--- Material for this task ---

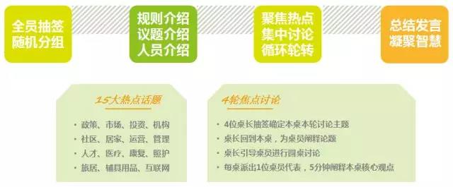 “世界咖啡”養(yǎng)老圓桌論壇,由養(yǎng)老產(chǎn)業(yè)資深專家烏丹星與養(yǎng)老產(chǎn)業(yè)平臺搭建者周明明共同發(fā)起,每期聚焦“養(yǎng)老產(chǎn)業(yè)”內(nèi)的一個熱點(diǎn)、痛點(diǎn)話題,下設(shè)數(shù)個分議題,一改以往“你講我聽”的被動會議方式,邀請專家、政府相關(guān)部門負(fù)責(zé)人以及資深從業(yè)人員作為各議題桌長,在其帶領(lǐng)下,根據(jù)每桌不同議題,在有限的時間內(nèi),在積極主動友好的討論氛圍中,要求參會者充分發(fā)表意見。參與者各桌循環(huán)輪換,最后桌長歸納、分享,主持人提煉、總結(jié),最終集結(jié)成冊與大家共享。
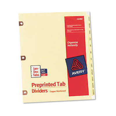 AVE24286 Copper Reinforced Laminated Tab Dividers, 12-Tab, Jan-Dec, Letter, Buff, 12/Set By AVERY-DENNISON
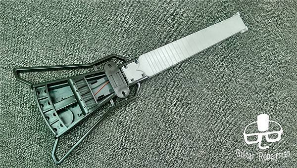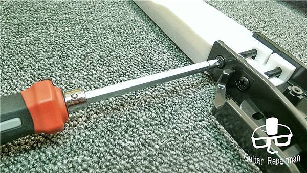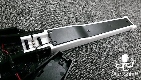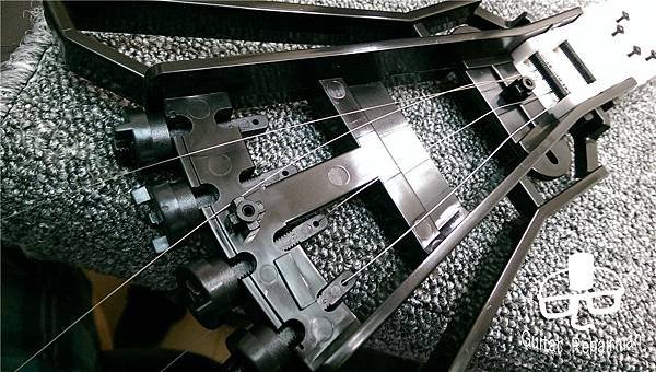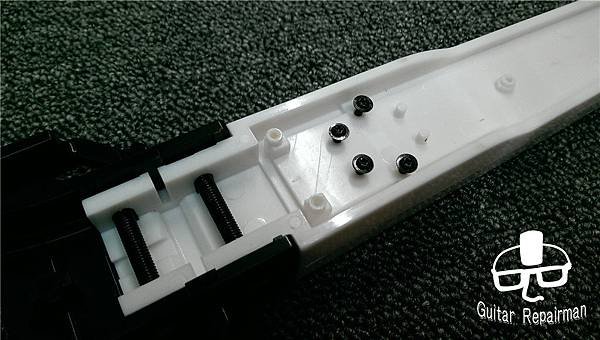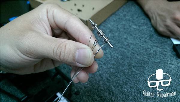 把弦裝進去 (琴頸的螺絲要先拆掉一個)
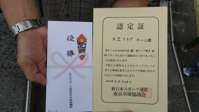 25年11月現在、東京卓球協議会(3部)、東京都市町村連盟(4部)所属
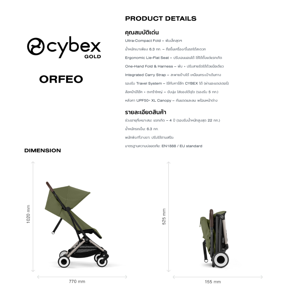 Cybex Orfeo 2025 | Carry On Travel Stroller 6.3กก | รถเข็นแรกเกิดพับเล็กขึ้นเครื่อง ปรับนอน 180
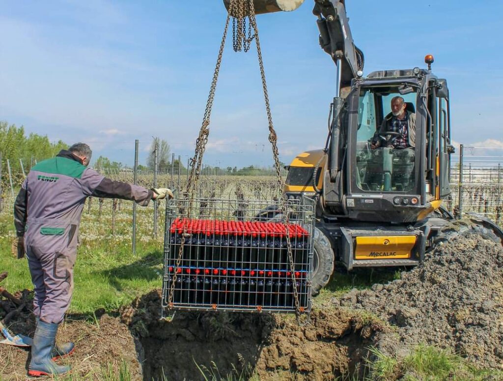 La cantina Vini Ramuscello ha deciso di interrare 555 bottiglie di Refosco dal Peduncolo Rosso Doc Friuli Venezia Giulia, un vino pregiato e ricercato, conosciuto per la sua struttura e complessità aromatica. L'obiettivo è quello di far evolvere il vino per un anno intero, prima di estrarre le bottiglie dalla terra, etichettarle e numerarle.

---

- Work to complete: Once the pictures are removed, copy the material above exactly.

- Answer to this task:
 “世界咖啡”養(yǎng)老圓桌論壇,由養(yǎng)老產(chǎn)業(yè)資深專家烏丹星與養(yǎng)老產(chǎn)業(yè)平臺搭建者周明明共同發(fā)起,每期聚焦“養(yǎng)老產(chǎn)業(yè)”內(nèi)的一個熱點(diǎn)、痛點(diǎn)話題,下設(shè)數(shù)個分議題,一改以往“你講我聽”的被動會議方式,邀請專家、政府相關(guān)部門負(fù)責(zé)人以及資深從業(yè)人員作為各議題桌長,在其帶領(lǐng)下,根據(jù)每桌不同議題,在有限的時間內(nèi),在積極主動友好的討論氛圍中,要求參會者充分發(fā)表意見。參與者各桌循環(huán)輪換,最后桌長歸納、分享,主持人提煉、總結(jié),最終集結(jié)成冊與大家共享。
 AVE24286 Copper Reinforced Laminated Tab Dividers, 12-Tab, Jan-Dec, Letter, Buff, 12/Set By AVERY-DENNISON
 把弦裝進去 (琴頸的螺絲要先拆掉一個)
 25年11月現在、東京卓球協議会(3部)、東京都市町村連盟(4部)所属
 Cybex Orfeo 2025 | Carry On Travel Stroller 6.3กก | รถเข็นแรกเกิดพับเล็กขึ้นเครื่อง ปรับนอน 180
 La cantina Vini Ramuscello ha deciso di interrare 555 bottiglie di Refosco dal Peduncolo Rosso Doc Friuli Venezia Giulia, un vino pregiato e ricercato, conosciuto per la sua struttura e complessità aromatica. L'obiettivo è quello di far evolvere il vino per un anno intero, prima di estrarre le bottiglie dalla terra, etichettarle e numerarle.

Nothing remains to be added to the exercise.